Public SWE-Bench figures are not available for GPT-5.6 Luna, so the honest test is your own repository — run an identical real bug through both. By design, GLM 5 leans toward agentic planning and long-horizon coding workflows while GPT-5.6 Luna leans toward cheapest gpt-5.6 tier for high-volume drafting and automation, and that positioning usually predicts which feels better on your codebase.
Which is cheaper, GLM 5 or GPT-5.6 Luna?
GLM 5 is open-weight, so self-hosting means no per-token fee (you pay for hardware instead), while GPT-5.6 Luna is API-metered at $1/$6 per 1M tokens. For most teams without GPUs, the API model is cheaper to start; at very high volume, self-hosting can win.
Which has the bigger context window?
GPT-5.6 Luna — 1M vs 200K, about 5× larger. Useful only if the model actually reasons over the full window, which not all do.
Can I use both GLM 5 and GPT-5.6 Luna together?

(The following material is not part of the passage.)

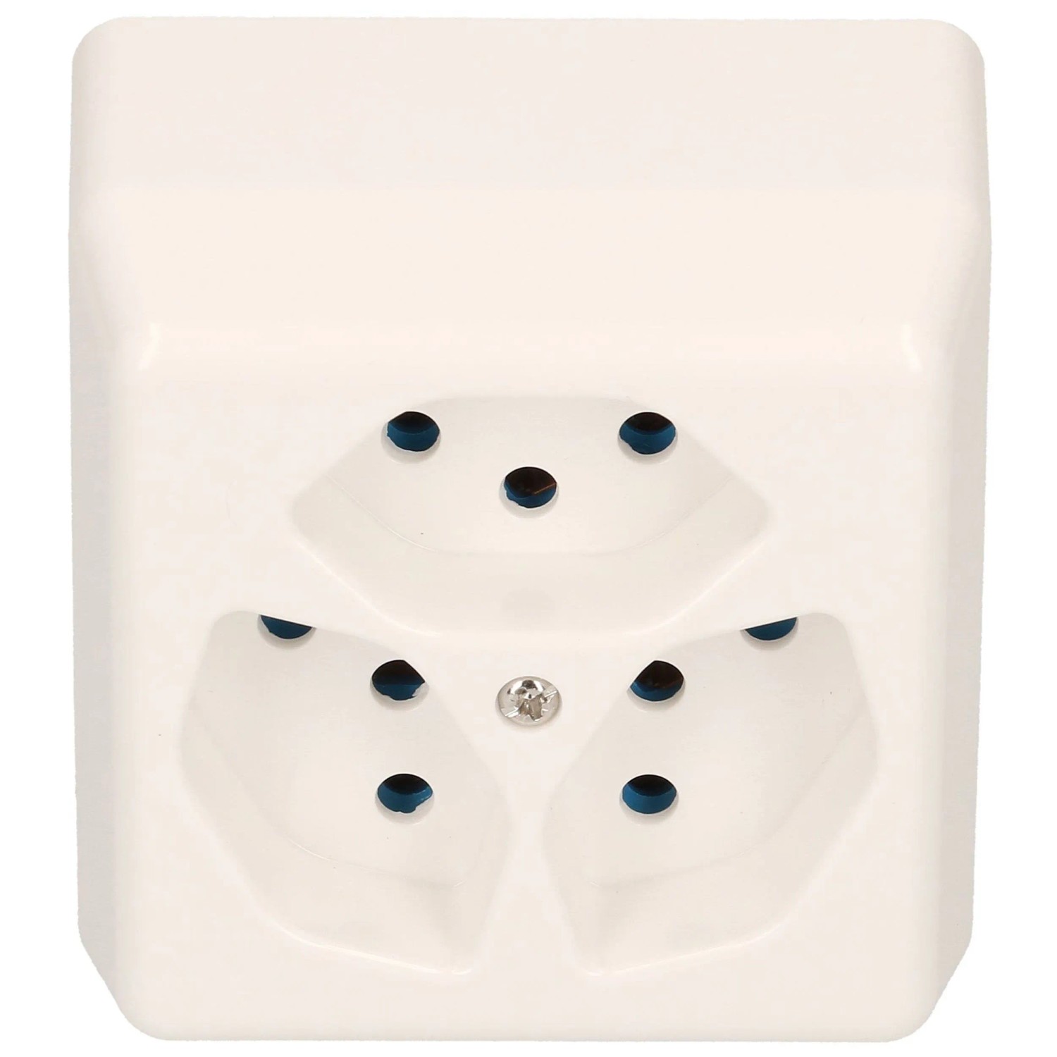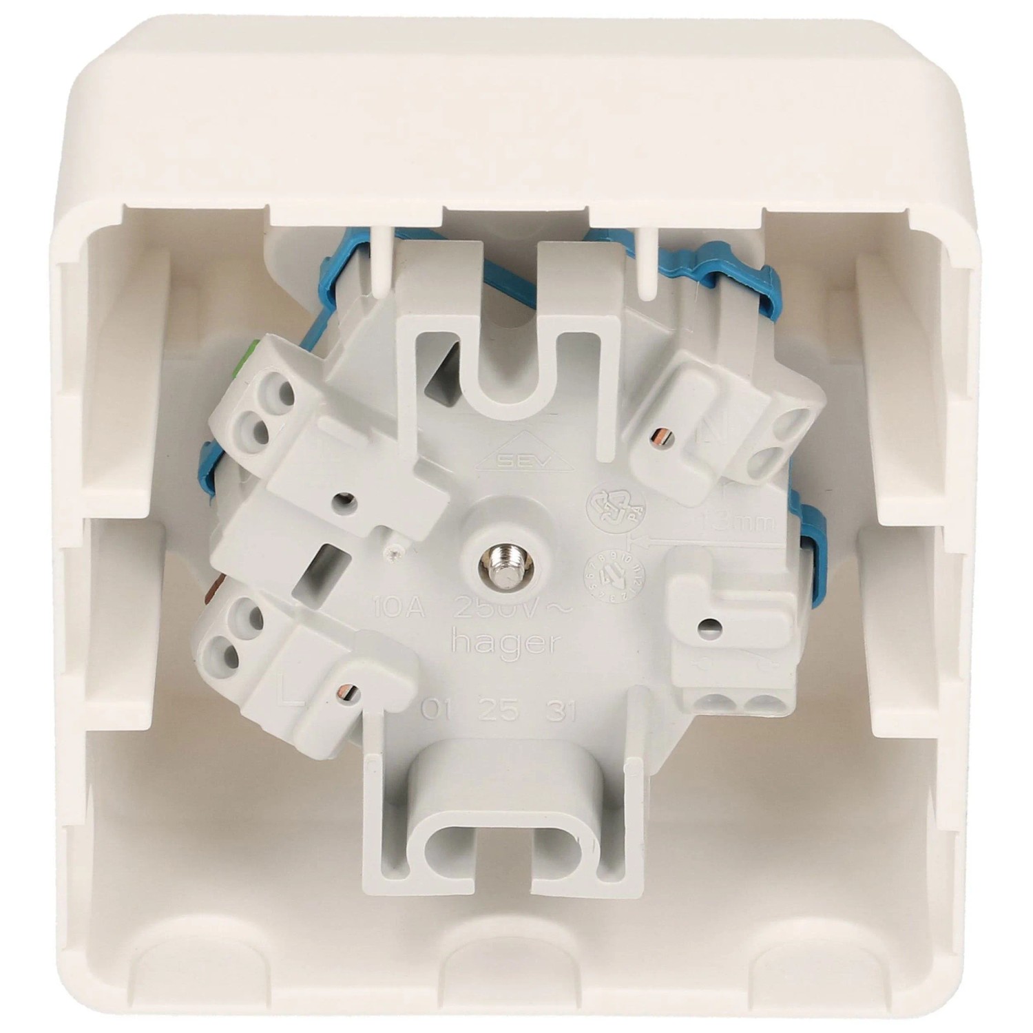 Die Basico-Linie von Hager bietet Ihnen eine bewährte Lösungspalette für eine breite Anwendung im Wohn- und Zweckbau. Sie vereint klassisches und zeitloses Design mit Zweckmässigkeit. Die Aufputzsteckdose ist weiss. Steckdosentyp: 3 x Typ 13 parallel.

Yes — a multi-model platform like LumiChats gives you GLM 5, GPT-5.6 Luna and 40+ others under one ₹69/day pass (about $1/day), so you can draft with one and cross-check with the other instead of buying two subscriptions.
Which is newer, GLM 5 or GPT-5.6 Luna?
GPT-5.6 Luna — released July 9, 2026, about 5 months after GLM 5.
Specifications and benchmarks reflect publicly reported figures as of June 2026 and may change as providers release updates. Always verify on your own workload.